— Directions —
Lines before the one holding "White Hours Black" are not wanted. Please copy that line and everything after it to the end of the records, exactly, skipping pictures.

— Supplied material —

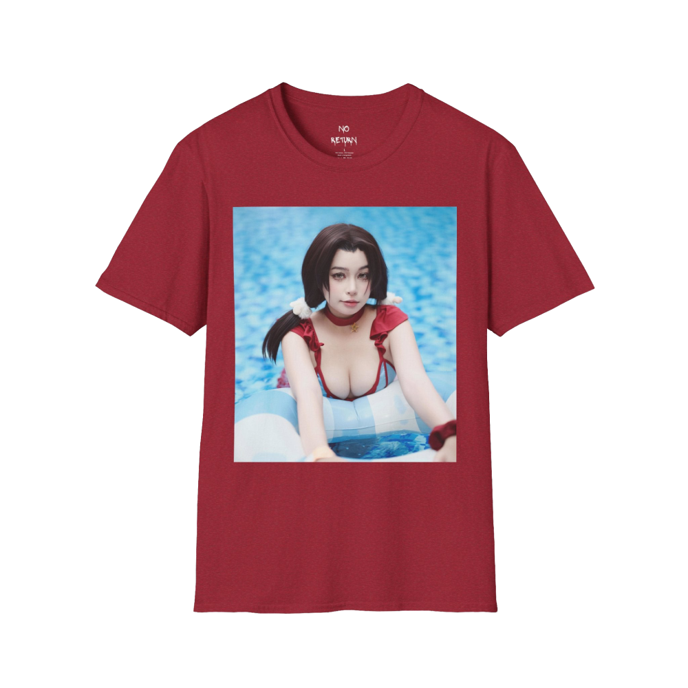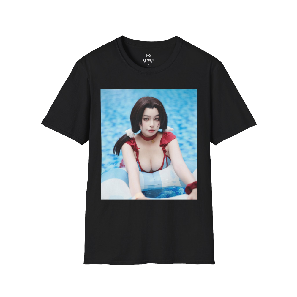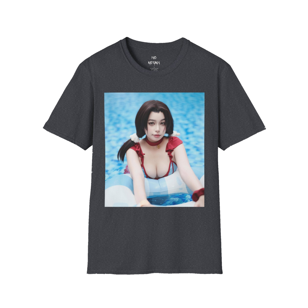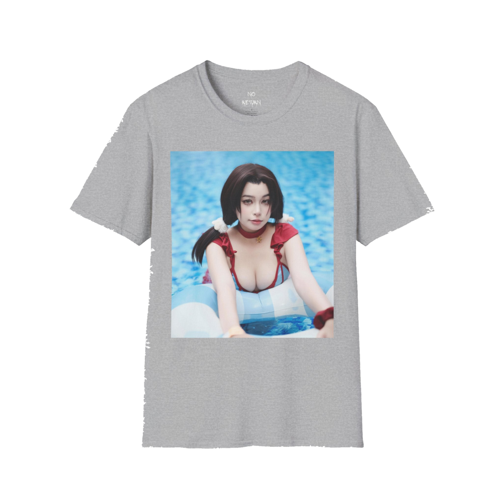 This tee features a cosplay-inspired character portrait , centered on that soft but powerful expression — water behind her, posture relaxed, eyes clear like she already knows the outcome.
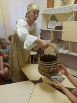 В рамках празднования Дня народного единства в детском саду открыл свои двери мини-музей «Карельская горница». В «горнице» воспитанникам сада были представлены музейные экспонаты, раскрывающие особенности быта карельских крестьян. Ребят встречала радушная хозяйка. От хозяйки ребята узнали о быте, традициях и культуре карел. Воспитанники познакомились с непривычными названиями предметов быта: туесок, короб, чугунок, ухват, прялка, веретено, карти. А также узнали о назначении старинных предметов быта. Поговорила хозяюшка с ребятами и о том, из чего сделаны предметы. Юные посетители музея смогли «прикоснуться к старине»: хозяйка горницы дала возможность потрогать каждый предмет, рассмотреть, изучить его. Такие встречи в музее дают возможность детям лучше познакомиться с историей, бытом, традициями карельского народа. Для развития, обучения и воспитания подрастающего поколения важна связь с прошлыми поколениями, необходимо формирование культурной и исторической памяти. Обращение к народному наследию воспитывает уважение, гордость за землю, на которой живешь.
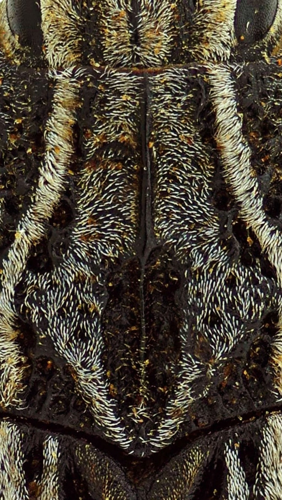 Un altro esempio di coleottero vistosissimo una volta preparato che però, nel suo ambiente, si confonde veramente bene.
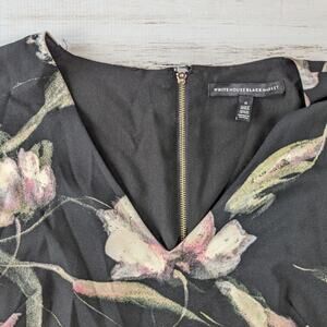 White Hours Black Market Statement Sleeve Floral Print Black Dress Sz 6
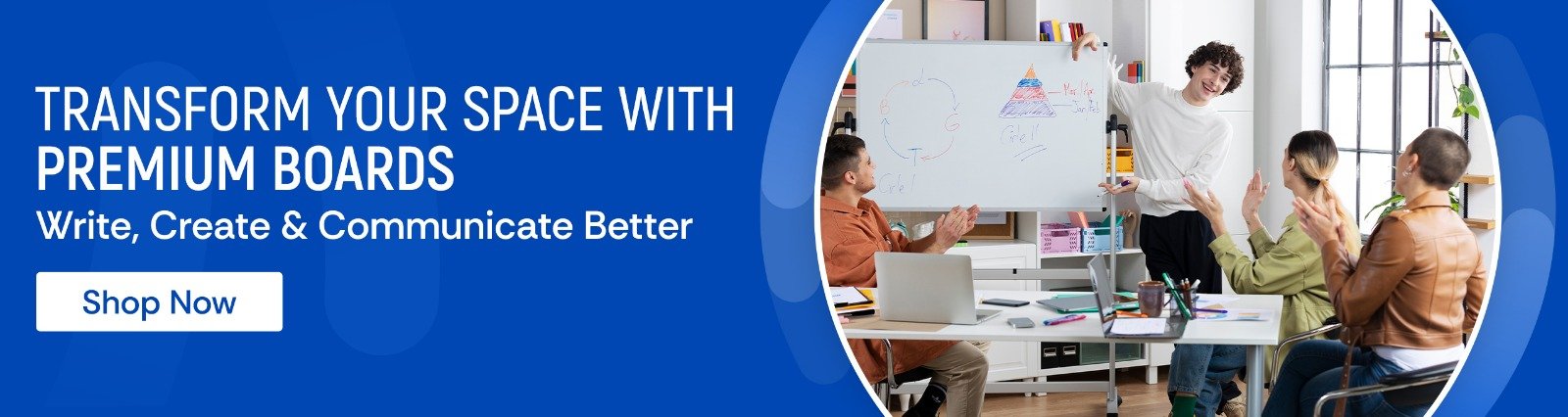 Explore our premium collection of whiteboards, glass boards, cork boards, blackboards, and essential accessories for every home, office, and classroom.
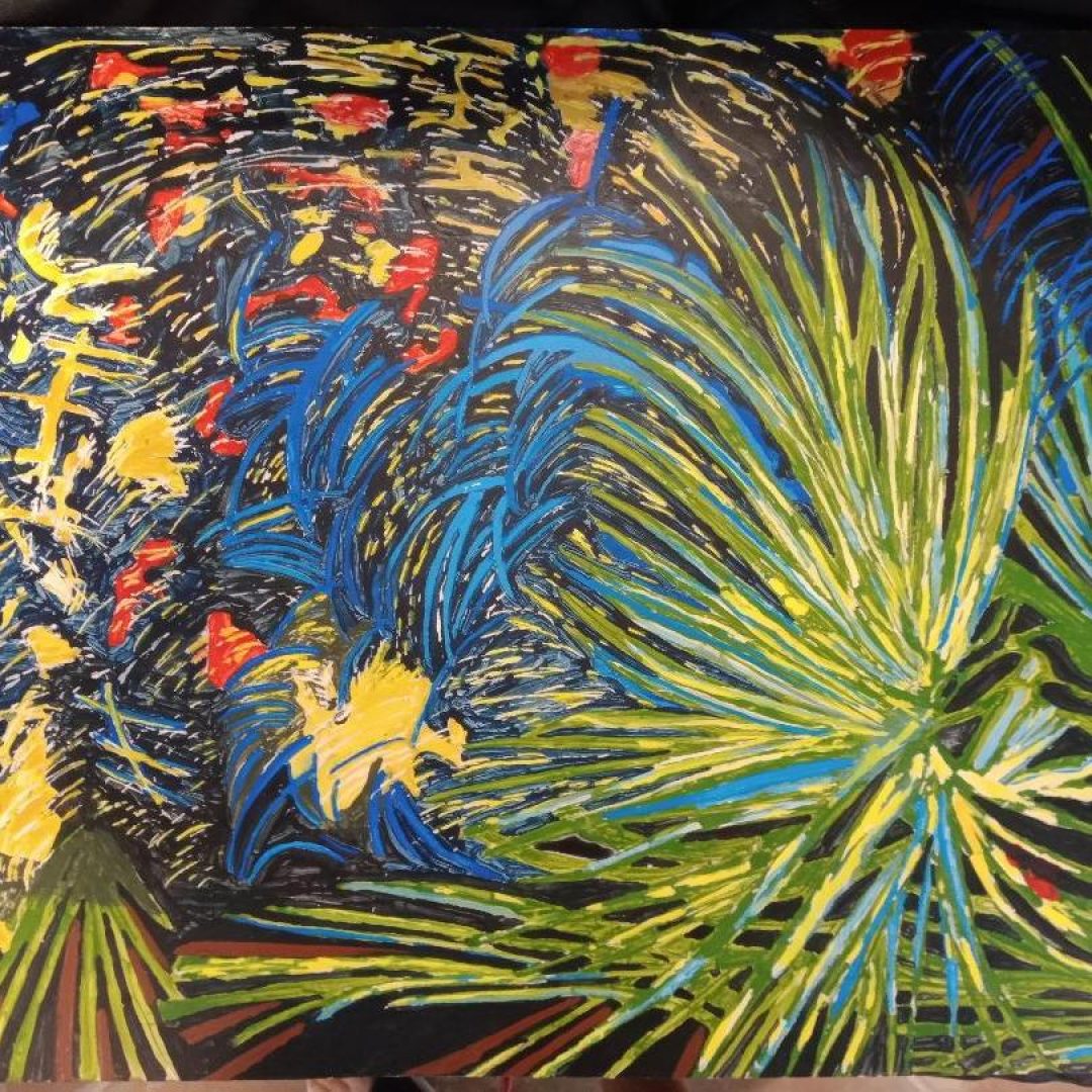 - Malinconia: realizzata con acrilico, sabbia di mare e segatura, esprime uno stato d’animo legato a una delusione sentimentale. I colori tenui e le texture evocano una città desolata.

— Answer to the exercise —
 White Hours Black Market Statement Sleeve Floral Print Black Dress Sz 6
 Explore our premium collection of whiteboards, glass boards, cork boards, blackboards, and essential accessories for every home, office, and classroom.
 - Malinconia: realizzata con acrilico, sabbia di mare e segatura, esprime uno stato d’animo legato a una delusione sentimentale. I colori tenui e le texture evocano una città desolata.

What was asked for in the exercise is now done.